A sua mão esquerda elevou-se lentamente e agarrou-lhe o pescoço, apertando-o. Anabela gemeu. Também tinha gemido assim a doce rapariga de Phoenix, a quem queria ligar a sua vida. Também havia soluçado, como agora Anabela, quando se aproximou dele para lhe dizer que estava segura de morrer.

Ted Lambert arquejou. Foi como se tivesse perdido as suas últimas energias ante a beleza da mulher, que sentia desejo de estrangular. Afrouxou a pressão dos dedos e deixou cair os braços ao longo do corpo. E sentiu, mais rápido do que nunca o fluxo do sangue.

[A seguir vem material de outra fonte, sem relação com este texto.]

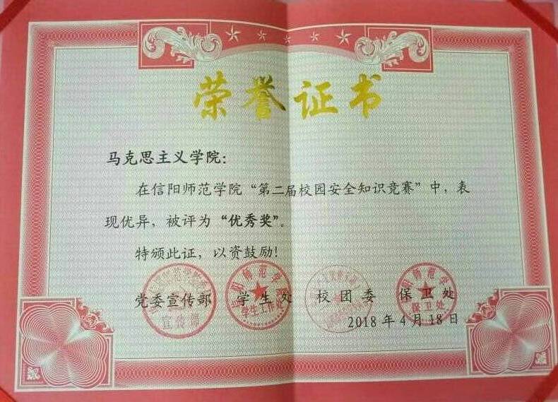 由beat365王冰、刘雅丹、李明靓、黄锦四名同学组成的代表队,在信阳师范学院“第二届校园安全知识竞赛”中,表现优异,荣获“优秀奖”。

—Não sinto ter zombado de ti esta manhã—disse com voz surda. —Merecias muito mais. Mas um rufião, como Larry Thompson, se encarregará de amargar-te os últimos dias da tua vida.

A jovem soltou novo gemido. E ele via-a cada vez mais afastada e confusa, apesar de que uma aragem fresca fazia agitar as cortinas de gaze da janela e permitia mais facilmente a passagem da luz.

Imaginou Anabela, pérfida e orgulhosa, gemendo de raiva, na sua frente, e esperando vê-lo cair morto.

—És pior do que uma cadela do deserto—disse ele, em voz baixa. — Pior do que uma hiena esfomeada.

E tentou empurrá-la. Anabela, porém, agarrou-se a ele, não para se defender, mas para abraçá-lo, como se procurasse proteção nos seus braços. Com uma expressão de espanto, Ted viu que ela chorava. E viu também o seu rosto, ligeiramente ensanguentado, os seus vestidos rasgados, que deixavam os seus ombros e o pescoço, a descoberto.